PROBLEM TO WORK ON:
In the records below, find the line containing "국내 2030년 탄소국경세 부담 최대 1.9조원" and transcribe it and every line after it exactly; leave the pictures out.

Source data

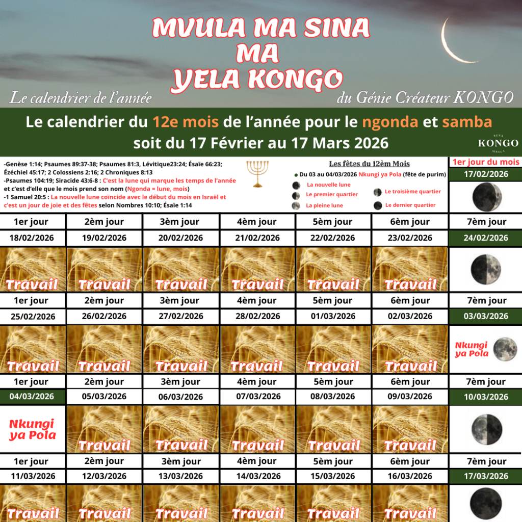 Le calendrier du 12e mois de l’année pour le samba (sabbat) et le ngonda
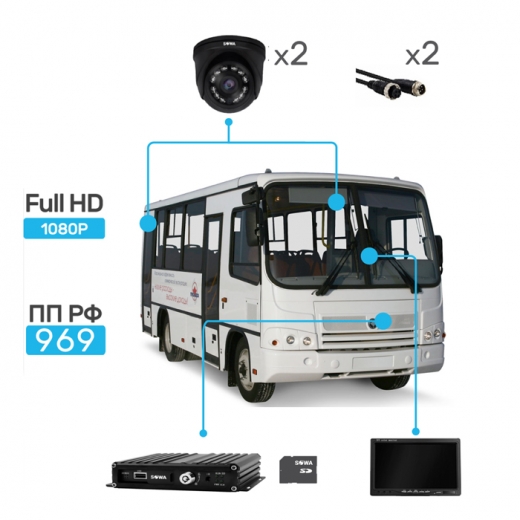 Готовый комплект видеонаблюдения на двухдверный автобус, сертифицированный по постановлению правительства РФ 969
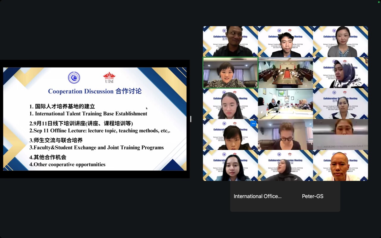 8月28日下午,我校与印尼国际精英大学首次合作讨论会议通过线上方式顺利召开。四川文化产业职业学院对外交流合作处、融媒学院、文商学院、文信学院相关负责人及印尼国际精英大学国际处主任鲁斯蒂卡莎莉·努格拉赫尼女士等11人出席会议。
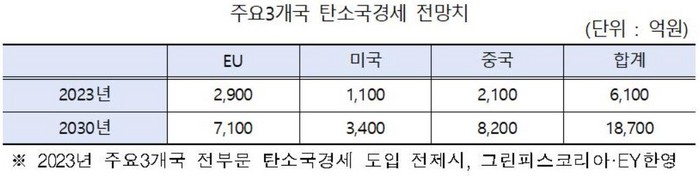 국내 2030년 탄소국경세 부담 최대 1.9조원
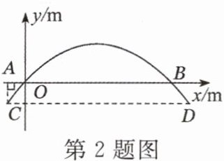 2. 如图是拱形大桥的示意图,桥拱与桥面的交点为O,B,以O为原点,水平直线OB为x轴,建立平面直角坐标系,桥拱可以近似看成抛物线$y= -\dfrac{1}{400}(x-80)^{2}+16$,桥拱与桥墩AC的交点C恰好在水面,且AC⊥x轴.若OA= 10 m,则桥面离水面的高度AC为 ( )
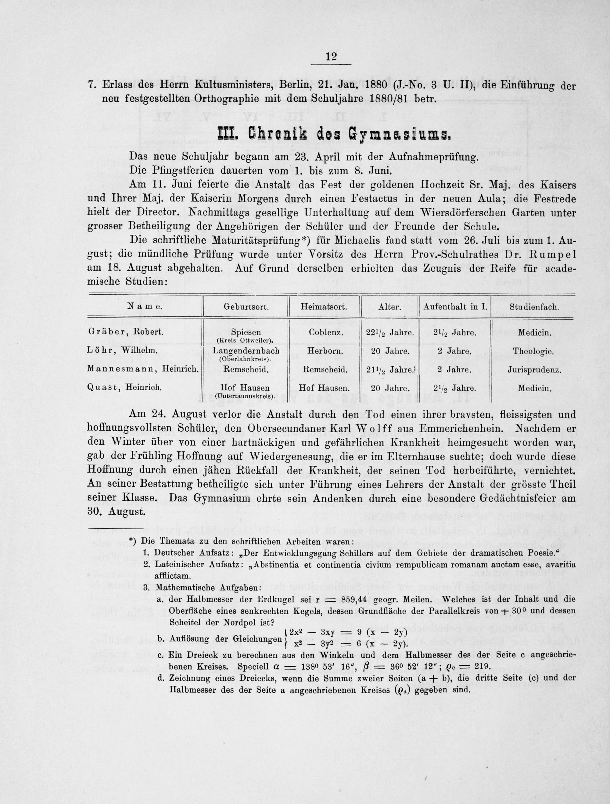 Programm des Königlichen Gymnasiums zu Dillenburg
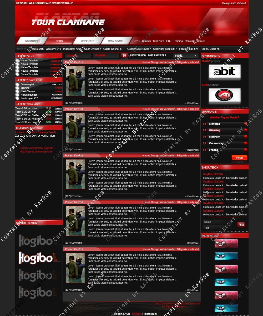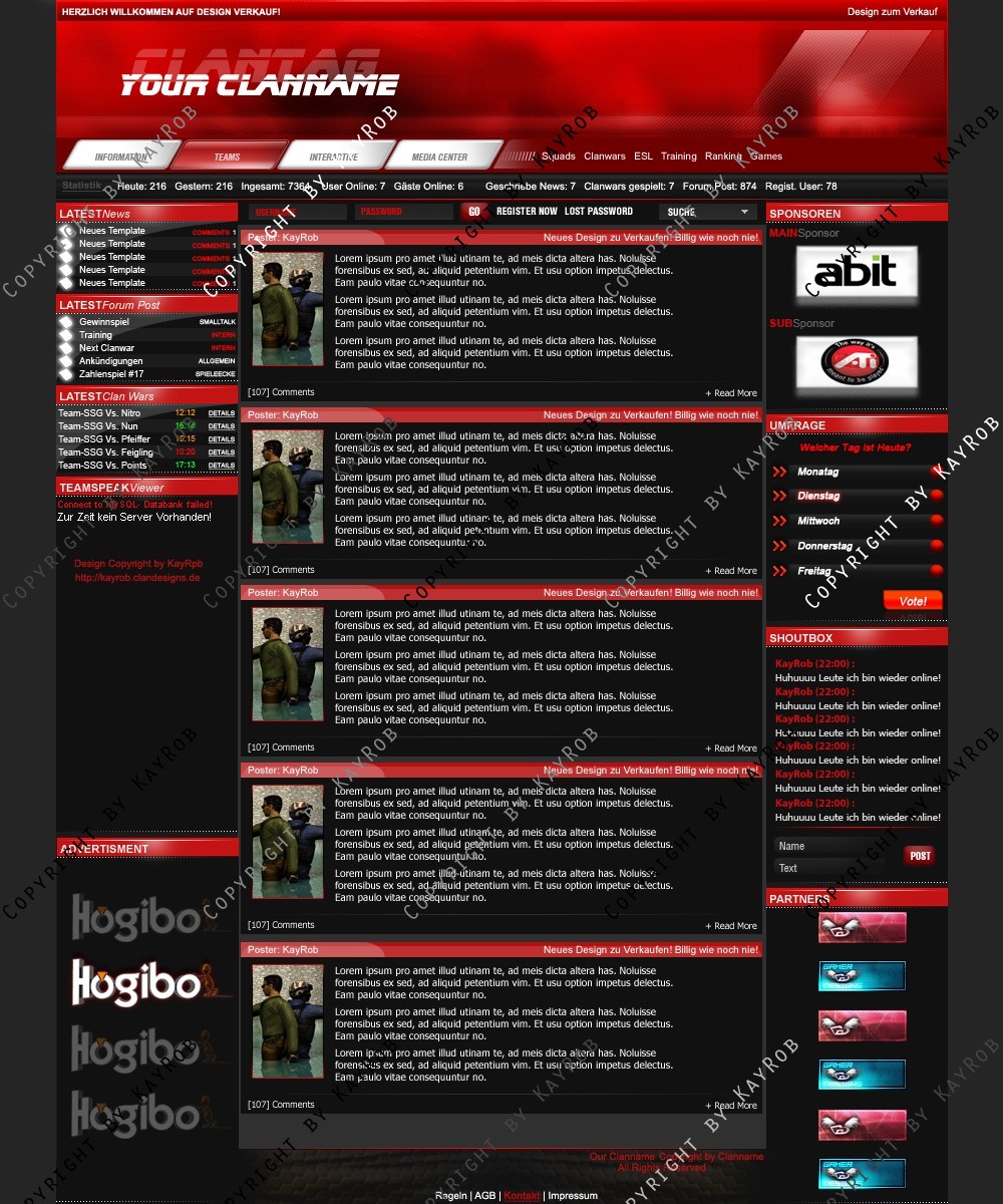 Dieses Clandesign darf OHNE genehmigung von mir Robert Erdmann nicht zum Free Download auf anderen Webadressen angeboten werde. Das weiter verschicken von Design.psd ist auch UNTERSAGT. Sollte es dies der Fall sein, werde ich Rechtliche Schritte einleiten und dies Ahnden!
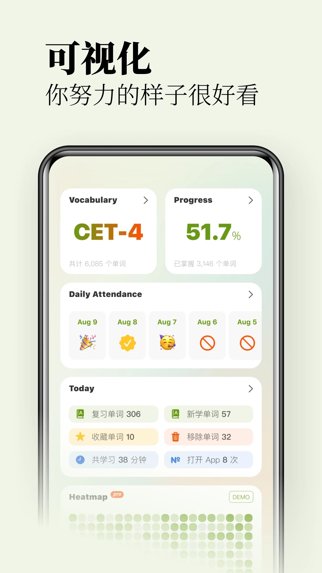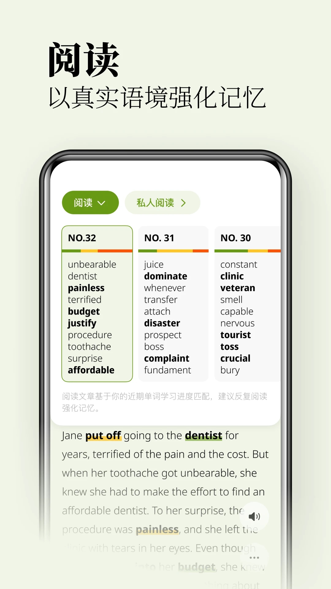 无痛单词app官方版采用卡片式的学习方法来帮助用户记忆单词,每张卡片上不仅包含单词的释义,还有详细的用法和语法规则解析。让你从词源上了解单词,掌握单词,提高自己的词汇量,有需要的用户赶紧来本站下载吧。

FINAL ANSWER:
 국내 2030년 탄소국경세 부담 최대 1.9조원
 2. 如图是拱形大桥的示意图,桥拱与桥面的交点为O,B,以O为原点,水平直线OB为x轴,建立平面直角坐标系,桥拱可以近似看成抛物线$y= -\dfrac{1}{400}(x-80)^{2}+16$,桥拱与桥墩AC的交点C恰好在水面,且AC⊥x轴.若OA= 10 m,则桥面离水面的高度AC为 ( )
 Programm des Königlichen Gymnasiums zu Dillenburg
 Dieses Clandesign darf OHNE genehmigung von mir Robert Erdmann nicht zum Free Download auf anderen Webadressen angeboten werde. Das weiter verschicken von Design.psd ist auch UNTERSAGT. Sollte es dies der Fall sein, werde ich Rechtliche Schritte einleiten und dies Ahnden!
 无痛单词app官方版采用卡片式的学习方法来帮助用户记忆单词,每张卡片上不仅包含单词的释义,还有详细的用法和语法规则解析。让你从词源上了解单词,掌握单词,提高自己的词汇量,有需要的用户赶紧来本站下载吧。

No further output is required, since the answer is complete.